“In this time of crisis, we face two particularly important choices. The first is between totalitarian surveillance and citizen empowerment. The second is between nationalist isolation and global solidarity”
– Yuval Noah Harari 1
COVID-19 has de-globalized the world and yet, ushered a new global citizenship, where the order is simple – solidarity in isolation. In battling the highly contagious pandemic, governments are focused on breaking the transmission chain. They are deploying old and new tracking and surveillance technologies, with minimal checks, and in certain instances, at the cost of an individual’s right to bodily and informational privacy. Indeed, desperate times call for desperate measures, but this may have significant cascading effects outlasting the pandemic.
Case in point – the Karnataka government to deter contact transmission published a consolidated list of quarantined residents’ addresses, irrespective whether covered individuals had travel history to affected areas, or tested COVID-19 positive. The proportionality of such measure probably will remain unevaluated in these dire times, even though the covered individuals can be subjected to social stigmatization, and not just social distancing.

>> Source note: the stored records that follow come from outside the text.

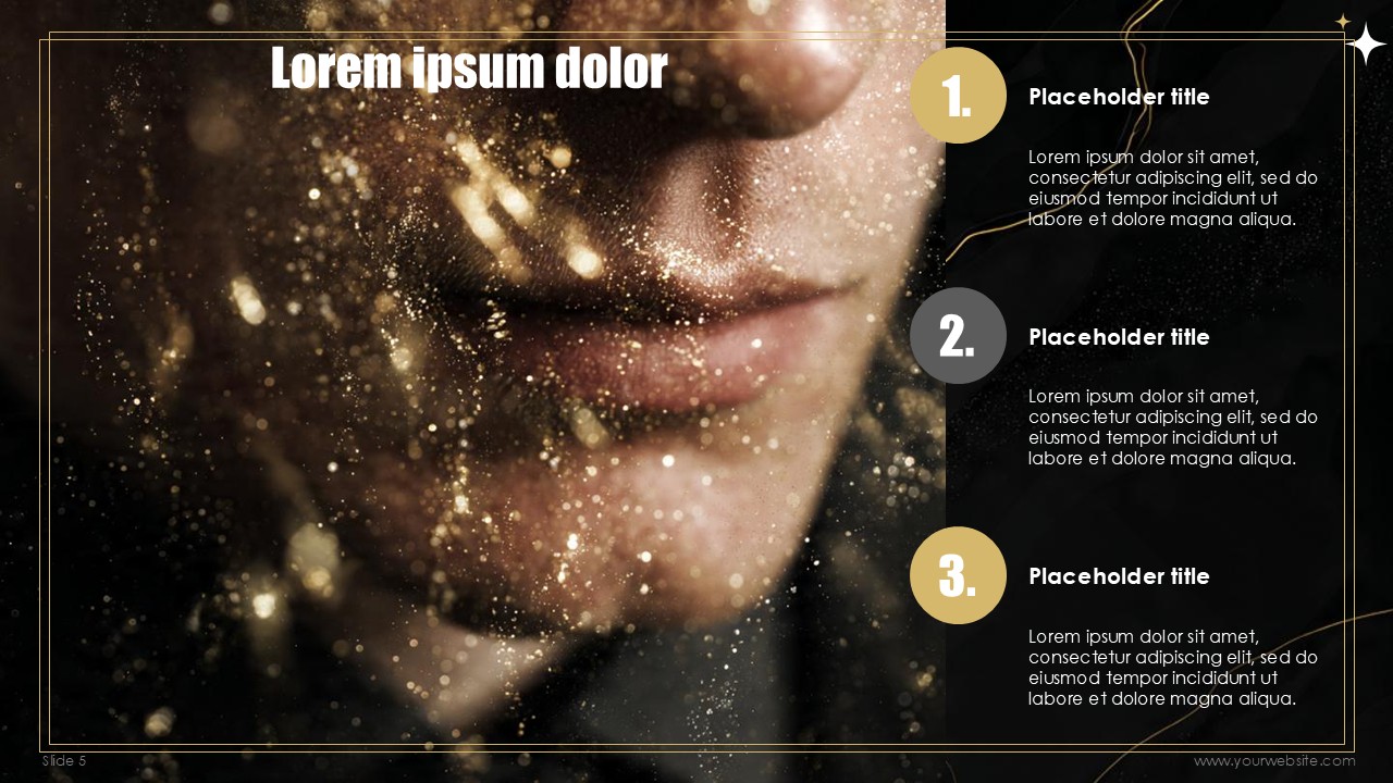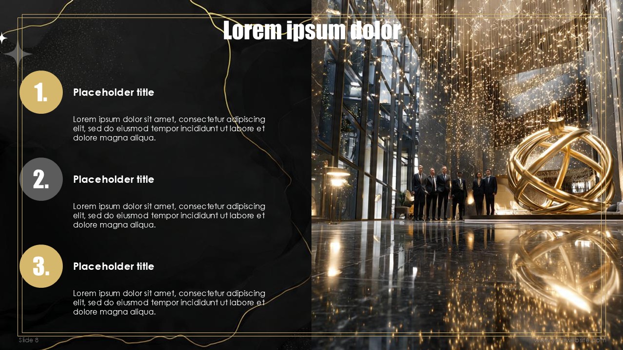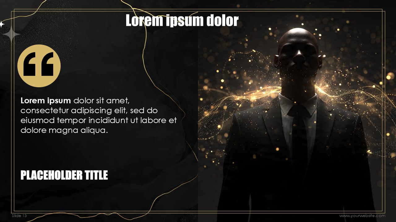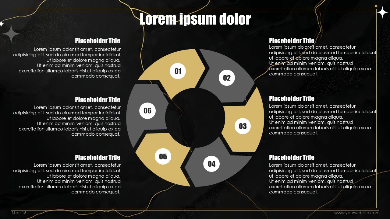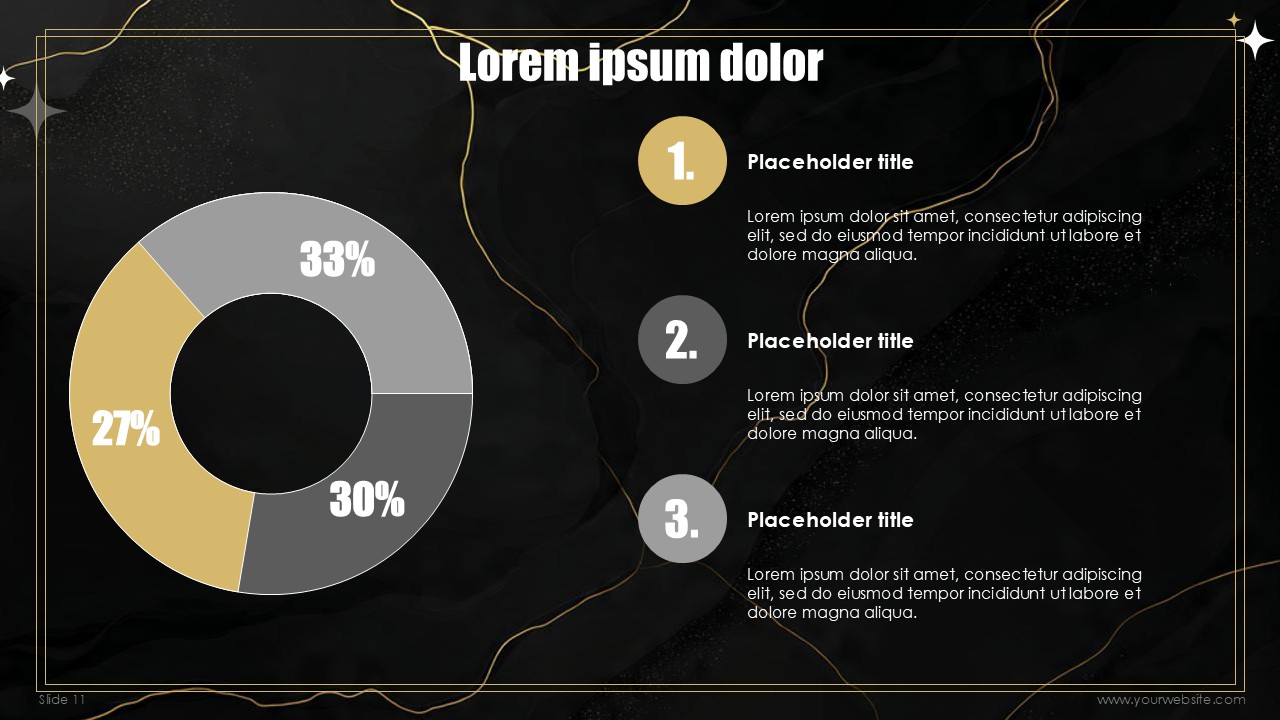 The free templates use subtle and minimalist geometric design patterns and shapes that match the marble and gold textures without overpowering the content of the slides. Every slide has been designed to create a mixture of depth, sophistication, with the black marble textures, and visual interest with gold designs and typography made to celebrate the new years. No other design can ensure that the exclusivity of the events scheduled, special announcements, and other party details remain inclusive to all guests.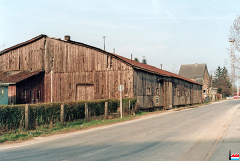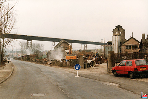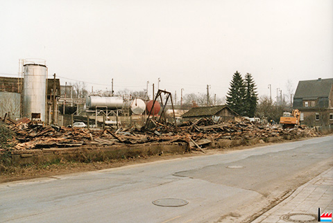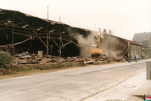 Abriss der ehemaligen Parkettfabrikationshalle von Hoffmann-Schaedgen bei Pedinotti als Garage für Lastwagen und Baumaschienen Foto 7-12-1995 |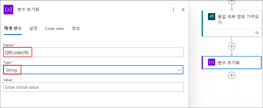 QRCodeURL을 선택한 뒤, Value는 위와 동일한 방식으로 선택합니다.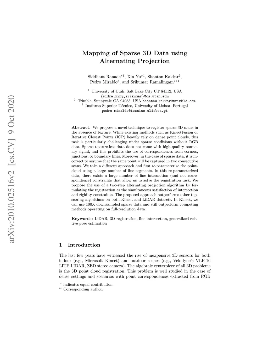 Mapping of Sparse 3D Data using Alternating Projection
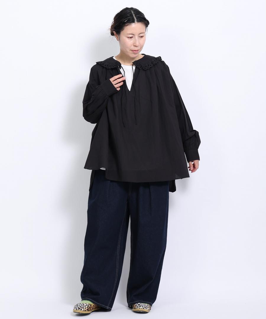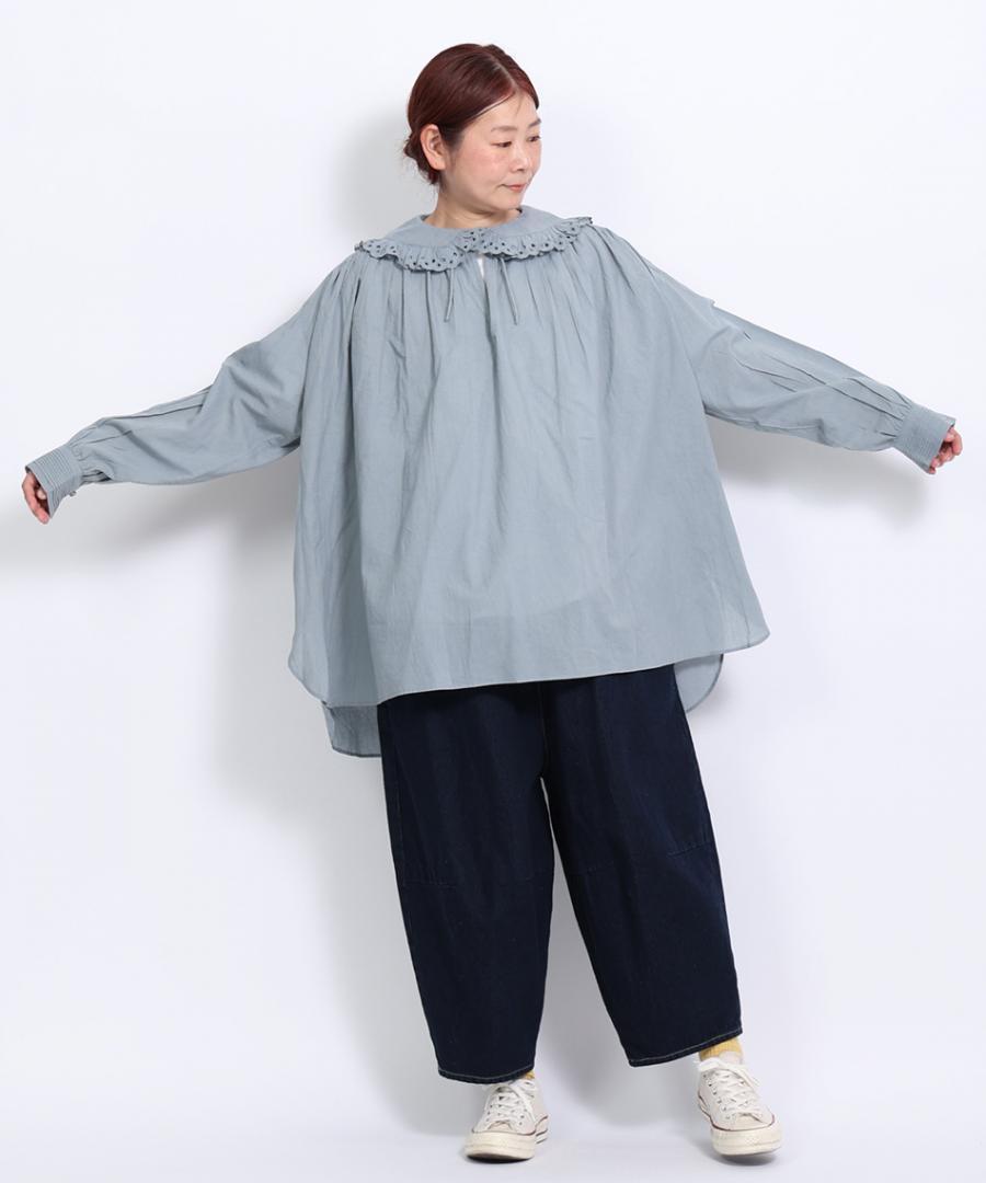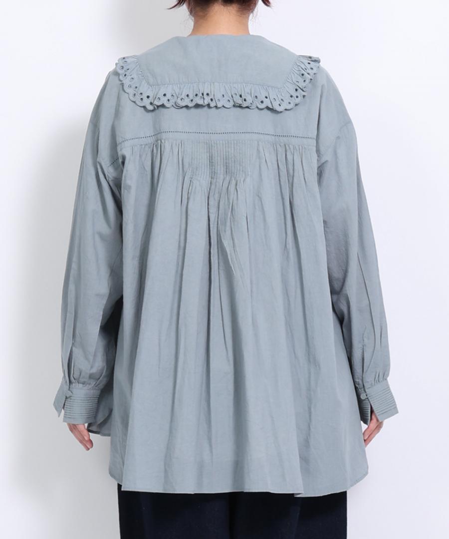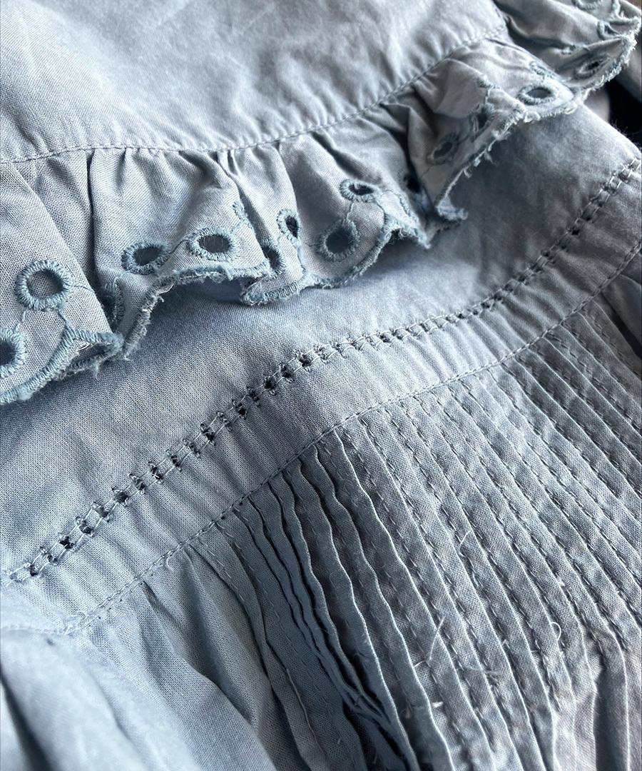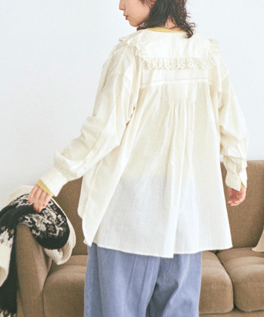 薄手のコットンキャンブリックにオリジナルのカットワーク刺繍を施したプルオーバー。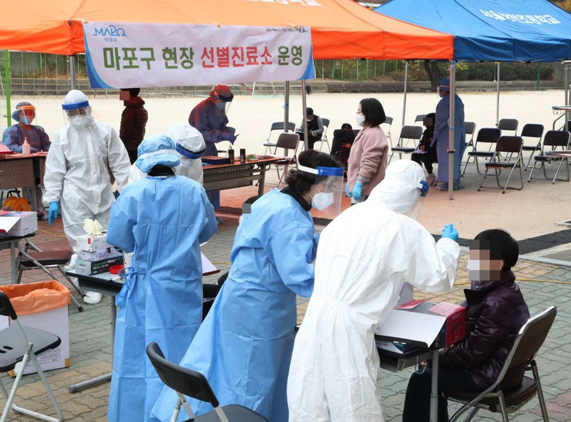 | ▲17일 오후 서울 마포구 창천초등학교에 신종 코로나바이러스 감염증(코로나19) 선별진료소가 설치되었고 학생 및 교직원 등 전수검사 실시 (이미지=뉴시스) |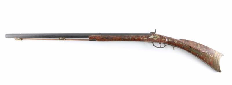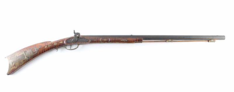 NVSN Single shot black powder rifle features browned metal, half length tiger-stripe wood stock, shallow right handled cheek piece, 31" octagon barrel, blade front & notch rear sight in dovetails, extra empty dovetail behind front sight, ferrules under barrel hold a wood cleaning rod with carved patch slot, brass fittings, semi-crescent buttplate, patch box on right side of butt. Bore is rusty. Metal surfaces are brown color, slightly rough texture, pitted around bolster & nipple. Wood stock is good serviceable condition, scratches & creased, showing shrinkage from metal edges, heavily inlaid with sheet metal shapes that include fish & eagle & moons (one fish missing). No nosecap present, several repaired breaks or cracks observed at front of stock forward of lock. Markings on lock plate are sharp & readable. Condition is NRA Good *** Antique Firearm ***
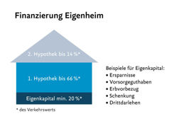 Um ein Haus oder eine Wohnung zu kaufen, müssen Sie über Eigenkapital verfügen. Als Regel gilt: 20% des Kaufpreises muss von der Käuferschaft in Form von Eigenkapital beigesteuert werden. Der restliche Betrag kann über eine Hypothek finanziert werden.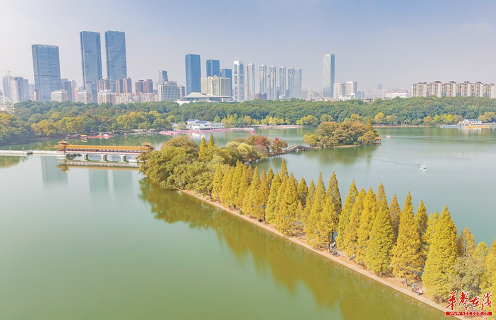 11月14日,被称作长沙城“绿肺”的湖南烈士公园年嘉湖畔色彩斑斓。初冬时节,一株株银杏、水杉、乌桕等古树名木姹紫嫣红,与园林碧水、城市宇等交相辉映,渲染一幅迷人画卷。华声在线全媒体记者李健 摄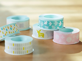 また、“こはる”専用フィルムテープも同時発売いたします。テープの図柄は、本体のデザインに合わせ、北欧風デザインを採用しました。水はねを気にせず使用でき、キッチン用品のラベリングなど、幅広い用途でご使用いただけます。ラインアップは、15mm幅サイズ3種類と、スリムな11mm幅サイズ3種類の計6種類です。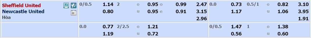 - Mức kèo nhà cái cược chấp trận này: Sheffield chấp 0,25 trái. Sheffield ăn 1.14. Newcastle ăn 0,80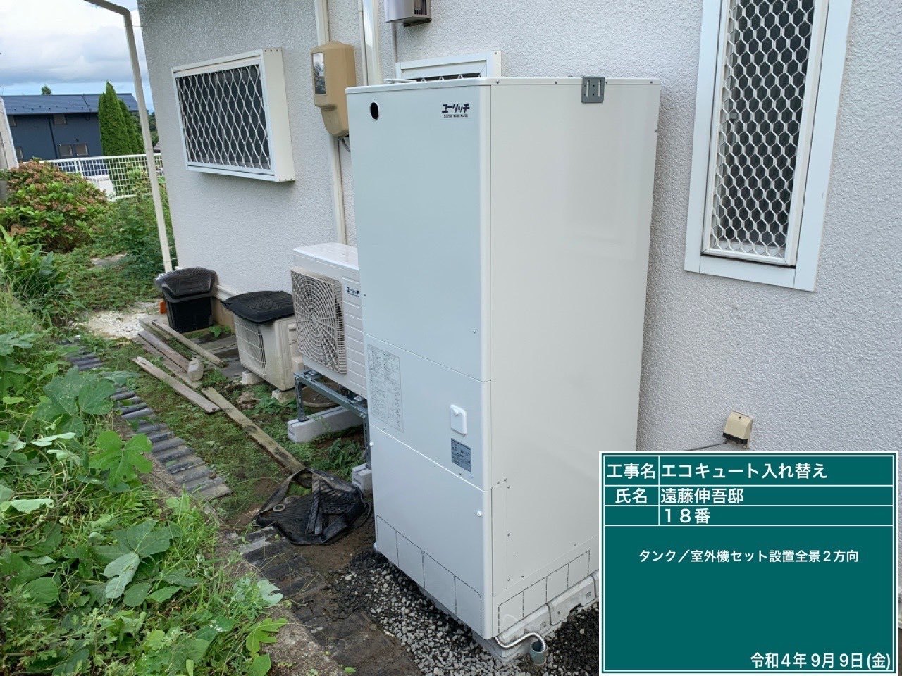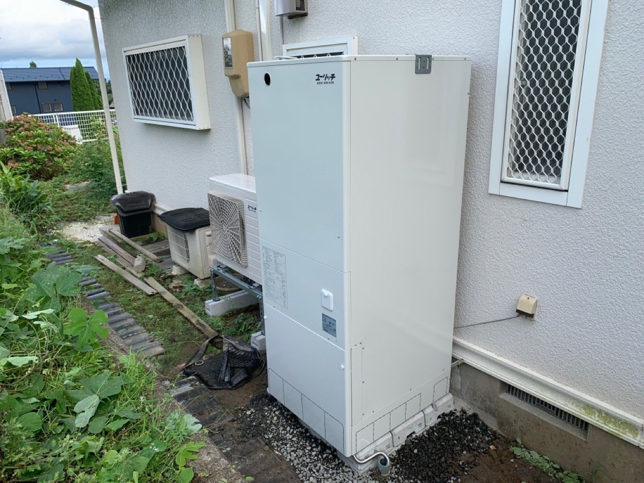 1.一般戸建て新築工事に伴うコロナエコキュート新規取付工事。

In this post, we scrutinise the case for government deploying technology for COVID-19 surveillance, its impact on containing further spread of pandemic, the suspension of informational privacy, global approaches followed and way forward.
1. Key issue around COVID-19 tech tools: Amidst identifying the cure, governments are unprecedentedly collaborating with private parties to develop and utilise technology for handling the emergency. As of date, tech tools are being used for 3 major purposes – strategic planning, tracking of possibly infected individuals (also called contact tracing), and provision of healthcare services to affected individuals. These tools utilize varied pools of personal data such as location, travel history, time and contact maps, existing medical history, biometrics, test results, temperature readings, etc. While there is unanimity that technology holds the potential to mitigate the crisis, there is stark difference in the approaches underlying implementation methods. The issue is not merely confined to a difference in approach, culture and extent of crisis. Rather, it has a direct bearing on the legality of such measures and the bargain struck with an individual’s privacy when confronted with a global crisis.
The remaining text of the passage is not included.